▶ REQUIREMENT
From the line containing "Чертежи дипломного проекта" to the line containing "Das Kleid von" in the records below, set down every line exactly as it stands, both ends included, and skip the pictures.

▶ RECORDS SHOWN
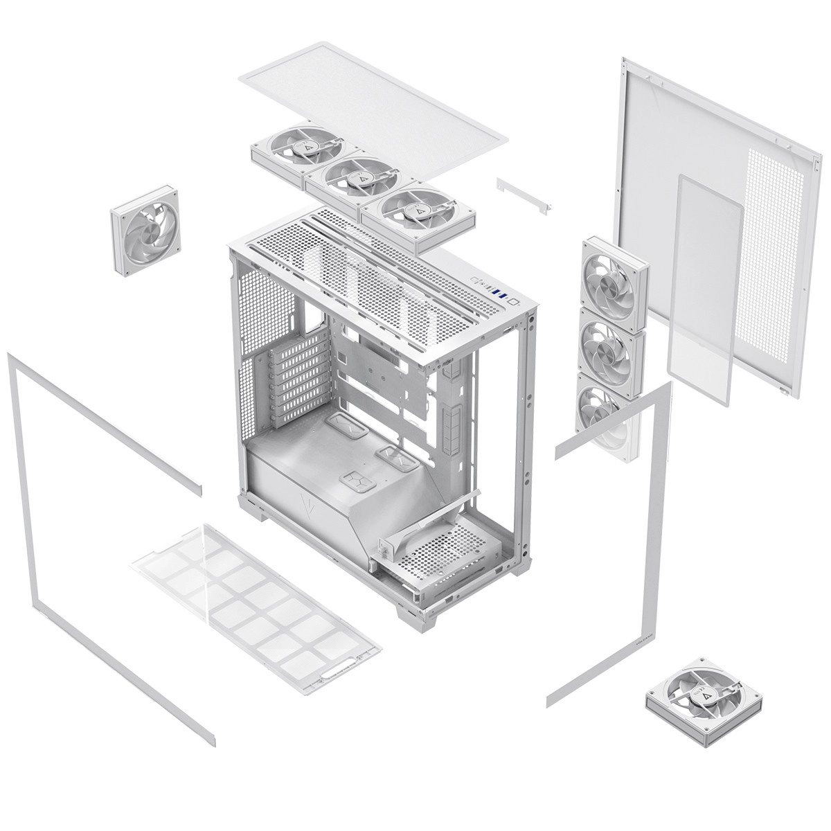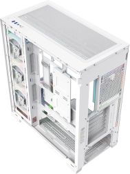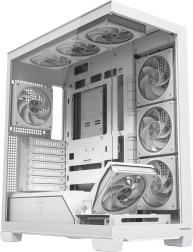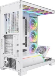 Fra fabrikken monteret 8× 120 mm ARGB (inkl. 3 med omvendte bladprofiler) og en ramme, der leder luft direkte mod GPU’en. Stabil temperatur selv under lange gaming-sessioner.
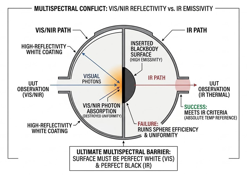 為提供均勻的可見光與近紅外光 (VIS/NIR) 照明,系統必須使用內部塗滿高反射率白色塗層的「積分球 (Integrating Sphere)」,但同時為了提供純淨的紅外線背景,系統又需要一塊具備高發射率(極黑)的黑體表面,這在材料學與幾何光學上形成了一個死結:如果將一塊黑色金屬板插入積分球內,它會像黑洞一樣吸收掉球體內部的可見光子,徹底摧毀積分球的均勻度與光學吞吐量;若不放黑體,又無法提供校準熱像儀所需的絕對溫度基準,如何在同一個物理空間內,讓一個表面「在可見光下是完美的白體,在紅外線下卻是完美的黑體」,成為多光譜光源開發的終極物理壁壘。
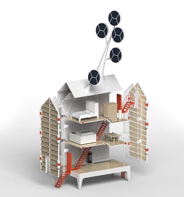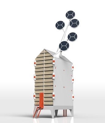 Zonne-energie voor de woning wordt verkregen via de ‘panelenboom’ op het dak van Isolée. De fotovoltaïsche panelen volgen de baan van de zon. Dankzij de huishoge shutters, de boom met zonnepanelen en een slim verwarmingssysteem, zijn de gebruikers van Isolée nauwelijks afhankelijk van brandstoffen. Een verwarmingssysteem is verwerkt in de constructie van het huis. De vloeistof die daarin circuleert wordt verhit via een houtkachel. De elektriciteit voor de circulatiepomp wordt verkregen uit zonne-energie. Het hout voor de kachel ligt opgeslagen in een ruimte die zowel van buitenaf als van binnenuit bereikbaar is. Alle ledverlichting werkt op oplaadbare accu’s.
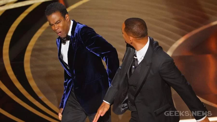 Жарт Рока не розсмішив Сміта, він підвівся з місця і попрямував на сцену. Рок продовжував усміхатися і щось примовляти, але Сміт стрімко наблизився і дав жартівнику ляпас. Після чого повернувся на місце у залі. Поки актор йшов зі сцени, ведучий церемонії щось крикнув йому слідом, але звук на мить вимкнули, і слова Рока чули лише гості заходу.
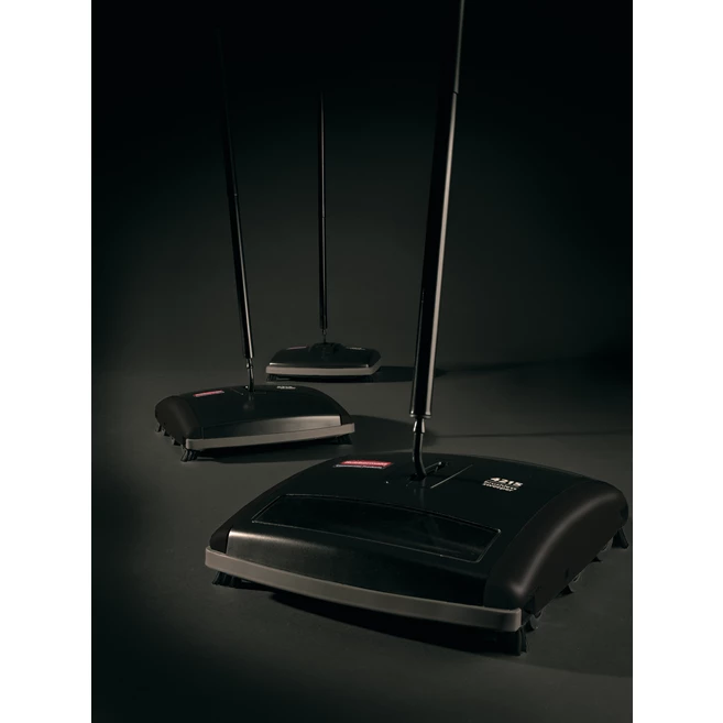 Rubbermaid Commercial Dual-Action Bristle mekanisk mattsopmaskin är utrustad med två typer av borstvalsar som effektivt samlar upp damm, smuts och skräp från mattor och hårda golv. Den slitstarka konstruktionen i galvaniserat stål och robust ABS-plast gör den idealisk för frekvent daglig användning i professionella miljöer.
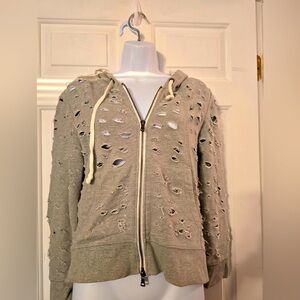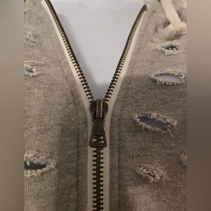 Vintage Havana Woman’s Gray Distressed Hoodie Size Small Dual Zipper 100% Cotton
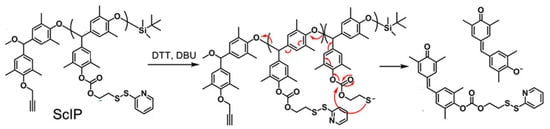 - Xiao, Y.; Li, Y.; Zhang, B.; Li, H.; Cheng, Z.; Shi, J.; Xiong, J.; Bai, Y.; Zhang, K. Functionalizable, Side Chain-Immolative Poly(benzyl ether)s. ACS Macro Lett. 2019, 8, 399–402. [Google Scholar] [CrossRef]
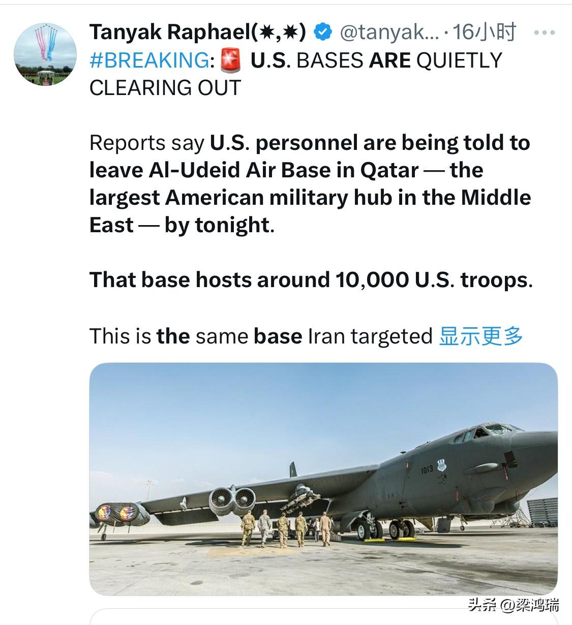 突发新闻: 卡塔尔美军基地正在悄悄撤离 有报道称,美国人员被告知今晚之前必须离开位于卡塔尔的乌代德空军基地——这是美国在中东最大的军事基地。 该基地驻扎着约1万名美军士兵。
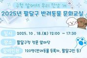 뉴스펀치 탁상훈 기자 | 수원시 팔달구는 10월 18일 오후 12시부터 17시 30분까지 팔달구청 정문 앞마당에서 ‘2025년 팔달구 반려동물 문화교실’을 개최한다고 밝혔다. 반려동물 문화교실은 성숙한 반려문화 확산과 올바른 반려동물 관리, 양육 방법을 알리기 위해 마련됐으며 반려동물 등록자 및 팔달구민 120명을 대상으로 추진한다. 교육 프로그램은 △인식표 만들기 △산책 그룹 훈련 △반려견 셀프 미용으로 총 3개 프로그램을 추진한다. 12시부터 진행하는 ‘인식표 만들기’는 반려견 유실 방지를 위해 동물등록번호와 견주 연락처를 새긴 맞춤형 인식표를 직접 제작할 수 있고, 14시부터는 ‘산책 그룹 훈련’에서는 산책줄 핸들링과 돌발 상황 시 대처법 등 및 올바른 산책 방법에 대해 배워볼 수 있다. 15시 30분에는 초보자도 쉽게 실천할 수 있는 ‘반려견 셀프 미용 수업’이 준비되어 있다. 팔달구 관계자는 “2025년 반려동물 문화교실 개최를 통해 구민들이 반려동물을 책임감 있게 관리하고, 올바른 반려 문화가 조성되길 바란다“라고 말했다. 한편, 팔달구는 구 홈페이지, 안내문자 및 QR코드를
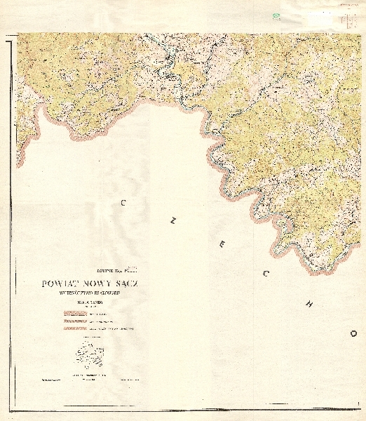 Arkusz tytułowy. Mapa topograficzna powiatu Nowy Sącz obejmująca rejon Piwnicznej. Rzeźba przedstawiona przy pomocy poziomic i punktów wysokości. Sieć hydrograficzna. Zaznaczono obszary zalesione. Komunikacja - drogi i koleje. Osadnictwo. Zaznaczono granice administracyjne.
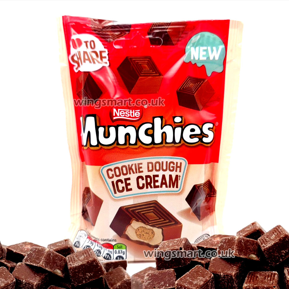 Discover the new MUNCHIES® Cookie Dough Ice Cream sharing bag, smooth milk chocolate cubes encasing a delicious cookie dough flavour filling & crunchy biscuit centre, making them the ideal treat to share with family and friends.
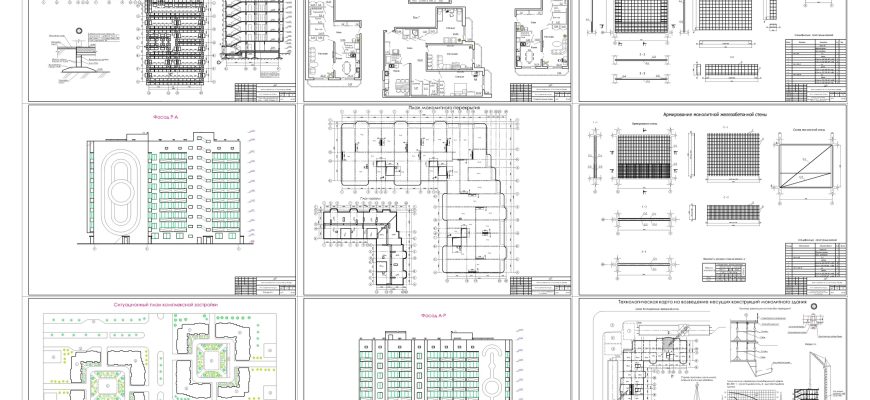 Чертежи дипломного проекта в Автокаде на тему «Многоэтажный жилой комплекс в г. Москве»
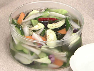 野菜は総量で700gくらいが目安。このほかに、キャベツ、かぶ、ラディッシュ、みょうが、ゆでたオクラなどでもできる。また、野菜1種だけでもよい。
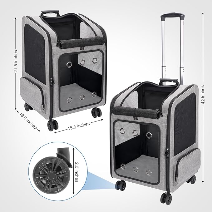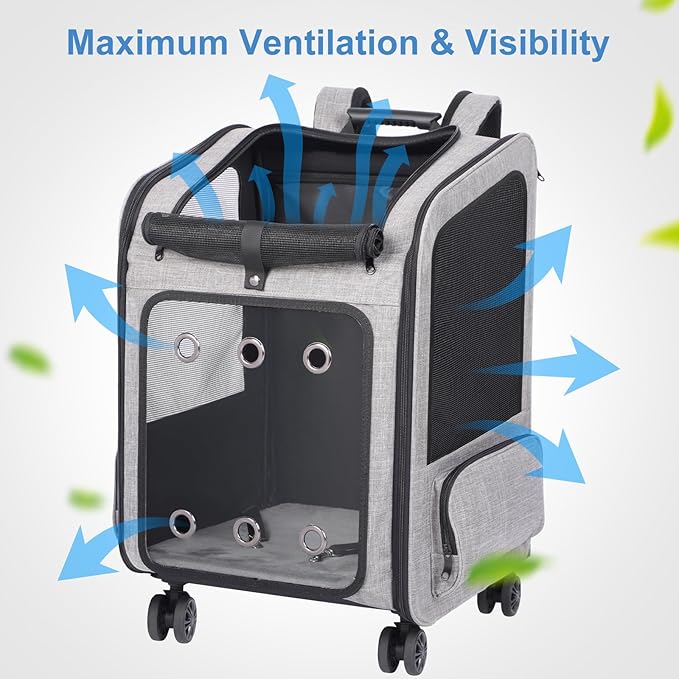 - SUPER LARGE SPACE: The cat backpack with wheels measures 15.8"L * 13.8"W * 21.5"H, the interior space is twice the normal size on the market, designed for large cats under 30 Lbs and small to medium dogs under 25 Lbs, allows your pet to move around more comfortably and reduces the anxiety
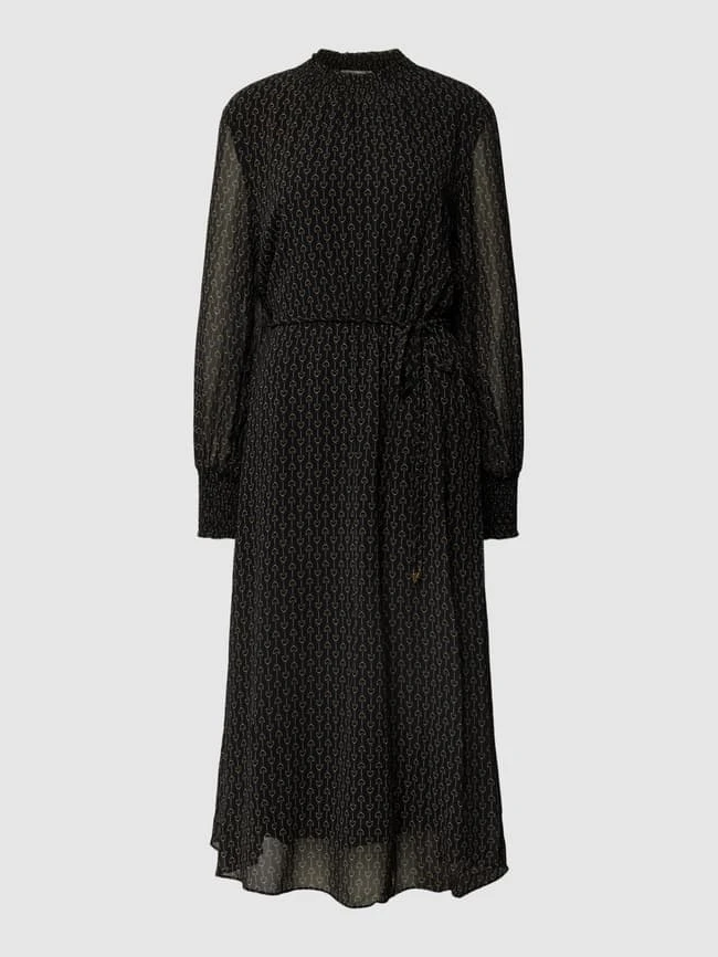 Das Kleid von Jake*s Collection ist aus einem strapazierfähigen Material-Mix gefertigt und tailliert geschnitten. Es zeigt sich mit Allover-Muster und Taillenband.
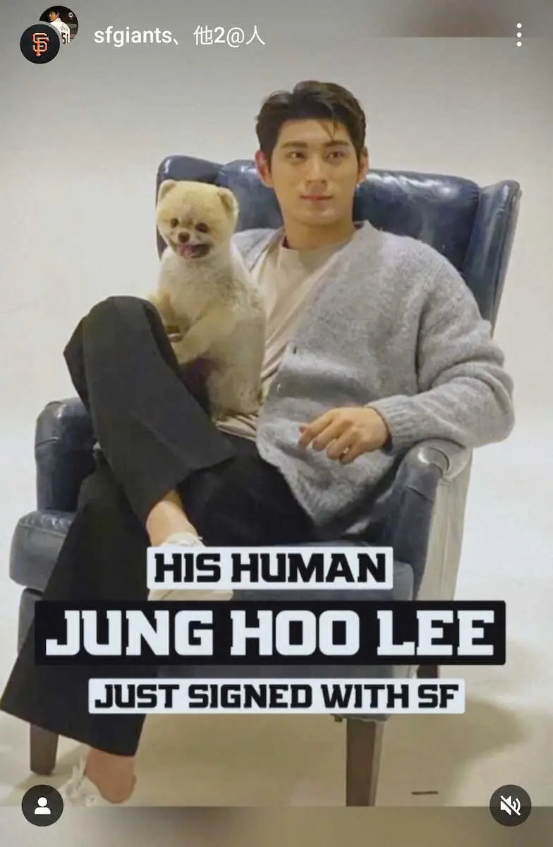 ドジャース・大谷の愛犬「デコピン」に対抗?ジャイアンツの李政厚(イ・ジョンフ)が自身のインスタグラムに愛犬の写真をアップした。名前は「カオ(KAO)」で優しく抱きかかえているツーショットなどの写真を公開。
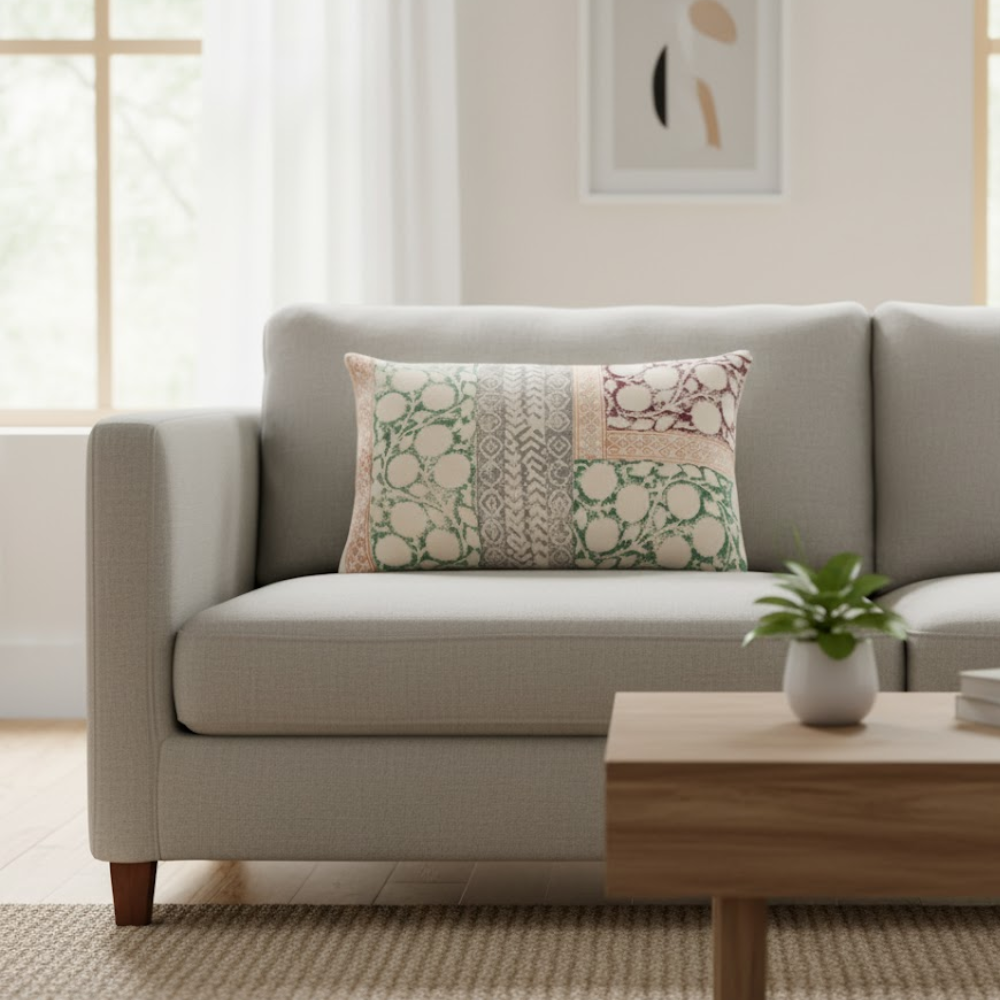Block Printed Cotton Geometric Botanical Lumbar Cushion Cover – Handcrafted Cotton Cushion Cover with Embroidery
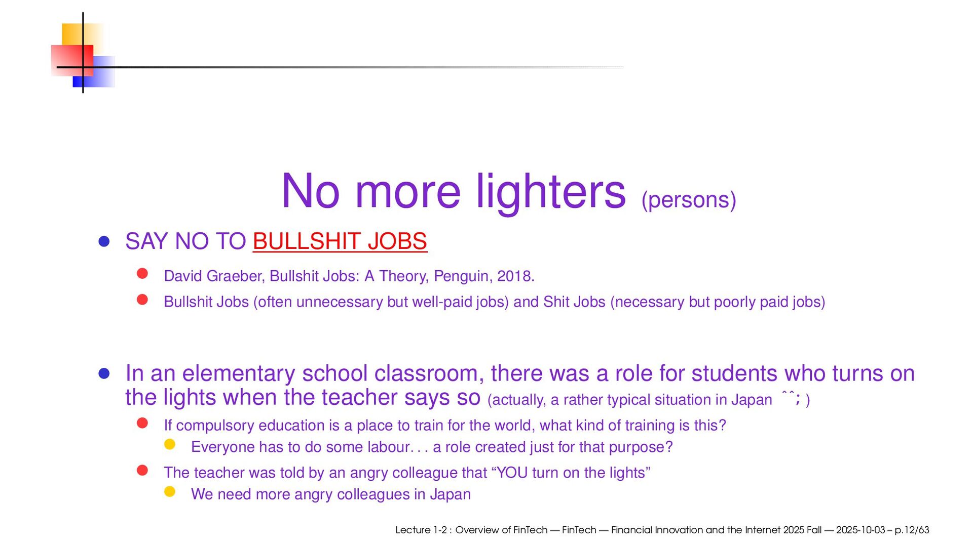 Graeber, Bullshit Jobs: A Theory, Penguin, 2018. Bullshit Jobs (often unnecessary but well-paid jobs) and Shit Jobs (necessary but poorly paid jobs) In an elementary school classroom, there was a role for students who turns on the lights when the teacher says so (actually, a rather typical situation in Japan ) If compulsory education is a place to train for the world, what kind of training is this? Everyone has to do some labour. . . a role created just for that purpose? The teacher was told by an angry colleague that “YOU turn on the lights” We need more angry colleagues in Japan Lecture 1-2 : Overview of FinTech — FinTech — Financial Innovation and the Internet 2025 Fall — 2025-10-03 – p.12/63

▶ SOLUTION FOR THIS TASK
 Чертежи дипломного проекта в Автокаде на тему «Многоэтажный жилой комплекс в г. Москве»
 野菜は総量で700gくらいが目安。このほかに、キャベツ、かぶ、ラディッシュ、みょうが、ゆでたオクラなどでもできる。また、野菜1種だけでもよい。
 - SUPER LARGE SPACE: The cat backpack with wheels measures 15.8"L * 13.8"W * 21.5"H, the interior space is twice the normal size on the market, designed for large cats under 30 Lbs and small to medium dogs under 25 Lbs, allows your pet to move around more comfortably and reduces the anxiety
 Das Kleid von Jake*s Collection ist aus einem strapazierfähigen Material-Mix gefertigt und tailliert geschnitten. Es zeigt sich mit Allover-Muster und Taillenband.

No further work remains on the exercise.